Дядька, застоявшись на месте, принялся поскуливать, и Джо пнул его в зад, призывая заткнуться. Луна мигала, появляясь, исчезая вновь, подавала знаки; ей отвечали молчаливые зарницы над горами на востоке. Дядька снова заскулил.
— Заткнись, собачий сын! Мы оба попали в переплет. Он там! — ТЯЖКО… тяжко… ХОЛОДНО… холодно… сил нет… хвойная постель… легко… не будет больше холода… Нет! Да… отдохни… И Джо стоял, вслушиваясь в свой страх перед сапожной поступью человека, который ни за что не сумеет пройти по лесу тихо — «Но он не пойдет за мной, дьявол; он понимает; он ждет, чтобы я пришел за ним!» — а слышал лишь ветер в инистом ольховнике.

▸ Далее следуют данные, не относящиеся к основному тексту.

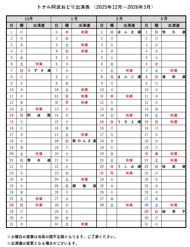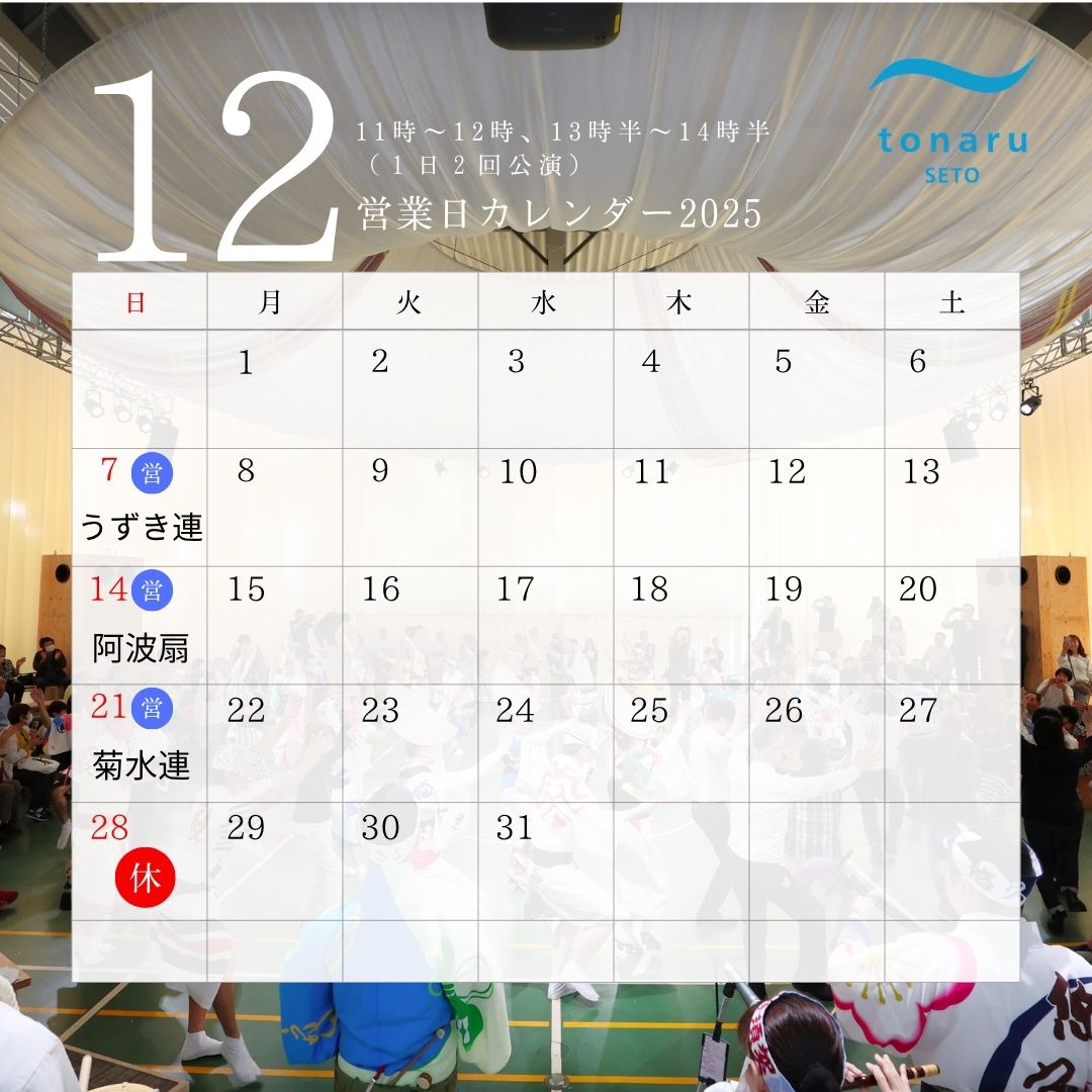 年末年始(12月28日(日)・1月1日(木祝)・4日(日)・11日(日)・12日(月祝))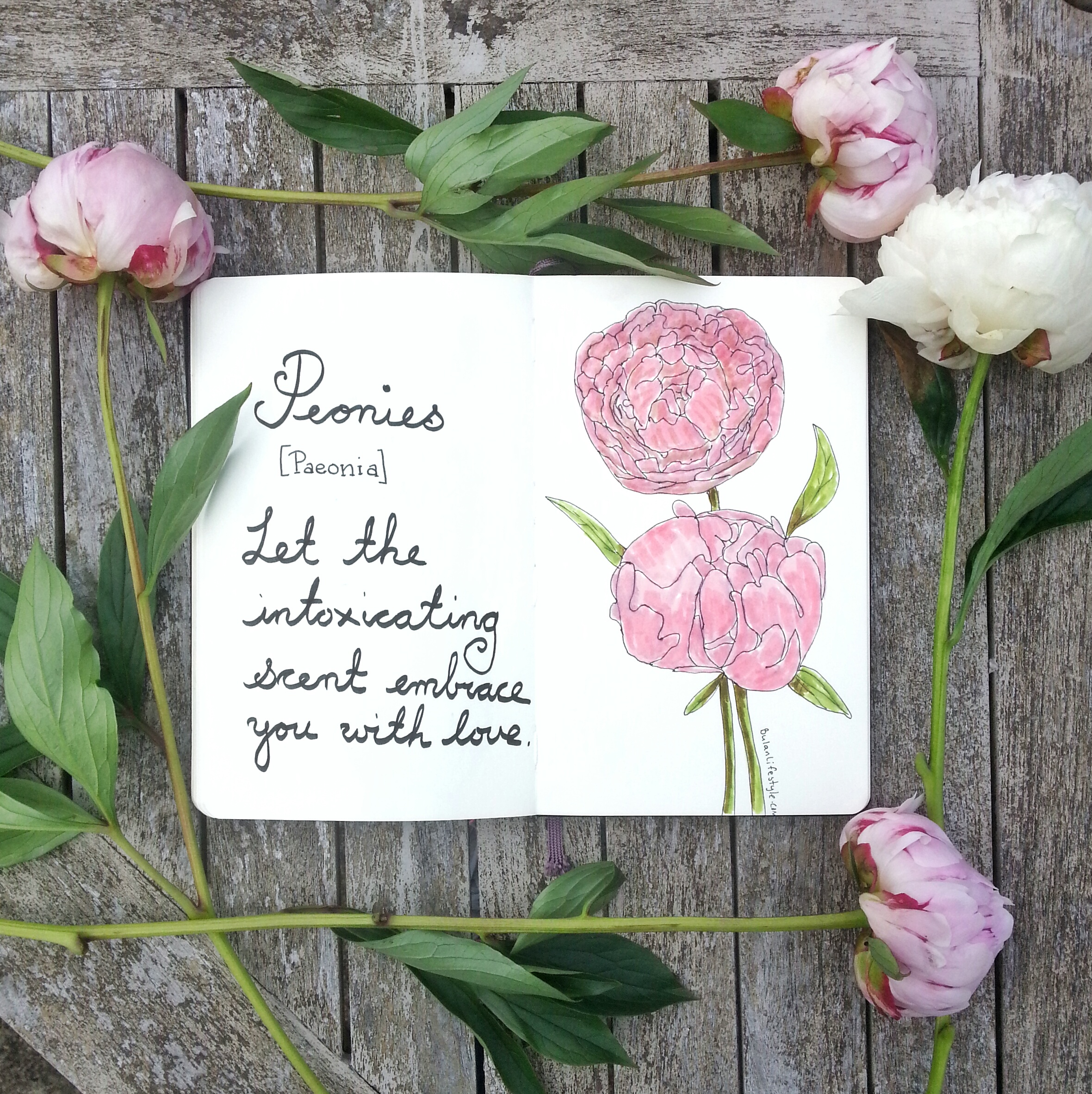 Sketch of the day in my moleskine art journal are pretty Peonies.
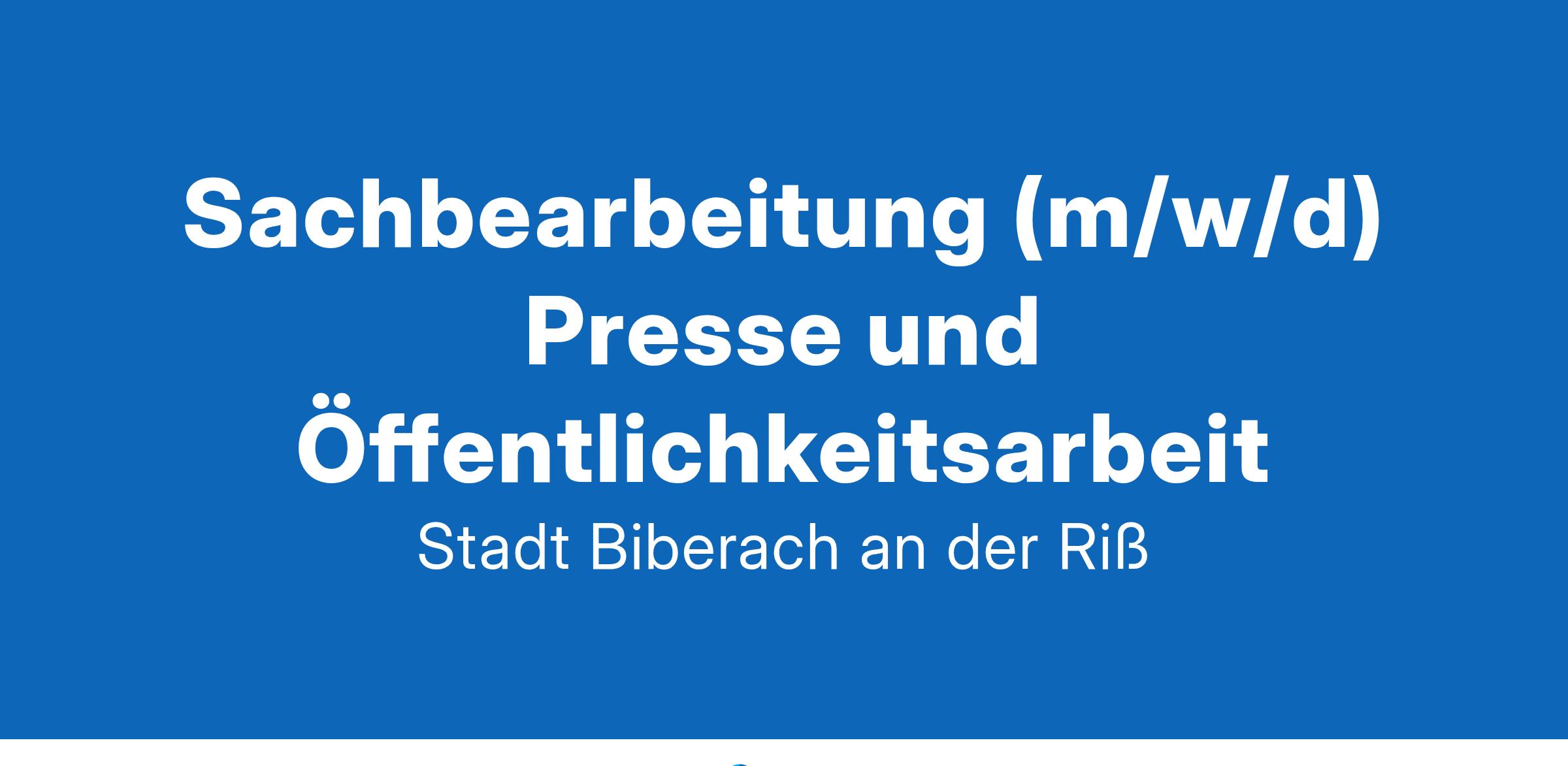 Die Große Kreisstadt Biberach an der Riß (rund 35 000 Einwohner) ist eine reizvolle Stadt mit großer Wirtschaftskraft und vielfältigem, anspruchsvollem Kulturleben im Herzen Oberschwabens. Es sind sämtliche Kinderbetreuungseinrichtungen, Schularten und moderne Freizeiteinrichtungen in weit überdurchschnittlicher Qualität vor Ort. In unserem Amt Gremien, Kommunikation, Bürgerengagement ist folgende Stelle unbefristet zu besetzen: Sachbearbeitung (m/w/d) Presse und Öffentlichkeitsarbeit Bei uns führen Sie folgende Tätigkeiten aus: Redaktionelle Betreuung des amtlichen Mitteilungsblatts „Biberach Kommunal“ Verfassen von Pressemitteilungen zu verschiedenen kommunalen Themen Zeitliche Koordination von Beiträgen Protokollführung in Gremiumssitzungen Sie erfüllen folgende Voraussetzungen: Abschluss als Bachelor of Arts – Public Management, im Bereich Journalismus, Verwaltungswissenschaft oder Kommunikationswissenschaft oder eine vergleichbare Qualifikation Gute schriftliche und mündliche Kommunikationsfähigkeiten Gespür für relevante kommunale Themen Wir bieten Ihnen: Eine Anstellung im Beamtenverhältnis bis Besoldungsgruppe A 11 bzw. im Beschäftigungsverhältnis bis Entgeltgruppe 9c TVöD Ein umfassendes Personalentwicklungskonzept mit fachlichen und persönlichen Fort- und Weiterbildungsmöglichkeiten Ein attraktives Gesundheitsmanagement mit Fitnesskursen, Präventionsmaßnahmen und Vergünstigungen, einen Zuschuss zum Jobticket und JobRad, flexible Beschäftigungsmodelle zur Vereinbarkeit von Beruf und Familie sowie Homeoffice-Regelungen Eine zusätzliche Altersvorsorge des öffentlichen Dienstes Sie sind interessiert? Wir freuen uns auf Ihre Bewerbung über unsere Karrierehomepage www.stadt-biberach-mein-beruf.de bis 19. Februar 2025. Für Fachfragen steht Ihnen die Leiterin des Amtes Gremien, Kommunikation, Bürgerengagement, Frau Appel, Telefon 07351 51-299, gerne zur Verfügung. STADT BIBERACH AN DER RIß Hauptamt – Sachgebiet Personal Frau Bopp Telefon 07351 51-633

Ли отвернулся от окна, наплевав на луну с ее зельем: я решил снова прибегнуть к старому-доброму Сизаму или его аналогам. Может, верное волшебное слово найти труднее, чем верное волшебное печенье, но согласись, луна: жиры и углеводы, может, и дают прибавку в весе, и способны подсластить мне жизнь, но не умеют наделять стальными бицепсами в мгновенье ока. Мне ж от волшебства потребно могущество, никак не плюшечное брюшко. И в молнии могущества неизмеримо больше, чем в твоем миндальном пирожном.
Молнии насыщали воздух легким звоном и привкусом медных монеток. Джо сглотнул этот привкус и вытянул шею, прислушиваясь к звону.
— Дядька! Ты слышишь? Только что — слышал? — …тяжко тяжко холодно легко да ЧТО? да просто отдохни… слышишь ЧТО?
И снова по склону холма прокатился этот звук — тонкий, пронзительный свист, в конце вздымавшийся резко, точно кривое лезвие садового ножа.
— Это же Хэнк в хижине! — воскликнул Джо. — Идем к нему. Дядька, идем! — Торжествуя, они потрусили на свист обратно по тропинке, словно дорогу их вдруг залил свет прожекторов… да ЧТО? Молли приподнимает морду над передними лапами, поворачивает голову на СВИСТ Хэнка. ЧТО? Воздух вокруг густо пропитан МЕДВЕДЕМ, но запах не сейчас. Это запах там, где МЕДВЕДЬ в первый раз расположился на ОТДЫХ. Прямо здесь. И она его подняла. СВИСТ опять прорезает темноту, достигает ее ушей. ЧТО? ОН? Она поднимается, опираясь на передние лапы и здоровую заднюю, ИДТИ, снова ОН ДА… ИДТИ. А Ли раскрывает блокнот, скатывает три маленькие самокрутки: «Дорогой Питерс…»; а Вив не понимает, не понимает…
Когда Джо Бен подошел к костру, Хэнк сидел на мешке с утками-манками и курил.
— Вот уж не чаял в такую ночь услышать твой свист! — беспечно окликнул его Джо. — Я-то думал, ты давно дрыхнешь. О да. Я бы так и поступил. Уж на ходу носом клюю…
— Никаких следов Молли? — Хэнк, не отрываясь, смотрел на уголья.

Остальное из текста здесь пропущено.